Furthermore, the National HIV and Counseling and Testing Campaign to mobilize more people to be tested and determine their HIV sero-status was launched on July 14th 2007 by His Excellency the President of the United Republic of Tanzania, Hon. Jakaya Mrisho Kikwete. About 4.1 million people were expected to be tested during the campaign. The campaign was intended not only to increase the numbers of people to know their HIV status, but also to establish linkages between prevention, care, treatment, social support and intensify community actions against social issues related to HIV/AIDS such as stigma, discrimination, violence and other violent consequences related to disclosing ones status to others. By December 2007 a total of 3,174,396 clients throughout the country had undertaken the HIV test voluntarily to know their HIV sero status. Of those tested the male-female ratio was 0.82 in which 1,434,738 males and 1,739,658 females were tested.

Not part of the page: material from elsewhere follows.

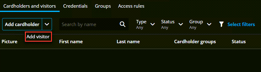- Wählen Sie auf der Seite Karteninhaber und Besucher die Option Besucher hinzufügen aus der Liste aus.

The National HIV Testing Campaign has provided a unique stimulus to the general HIV/AIDS response in the country. While so far more than 3 million people have tested in all districts of the country, the campaign also served to augment the scope and scale of other intervention components of the national response. The areas that have benefited from the campaign include advocacy, general behaviour change communication, community mobilization and reduction of stigma, strengthening of laboratory services and training of health care workers.

The formulation of the new Health Sector HIV/AIDS Strategic Plan 2008-2012 that will guide the fight against HIV/AIDS pandemic in the next 5 years was completed in June 2007. The editing process by the National AIDS Control Programme (NACP) secretariat has already began and will soon be completed after which the document will be printed and disseminated to all stakeholders throughout the country. The process to review the National Guidelines on management of HIV/AIDS in Tanzania that started in May 2007 is in the final stages. These guidelines were reviewed to accommodate the revised WHO recommendations on care, management and support of HIV/AIDS.
For the past three years, the National HIV/AIDS care and treatment programme has been receiving funds from different sources. The major contributors include; the Government of Tanzania, Global Fund, the Governments of Canada, Sweden, Norway, Netherlands and the United States of America as well as the Clinton HIV/AIDS initiative (CHAI).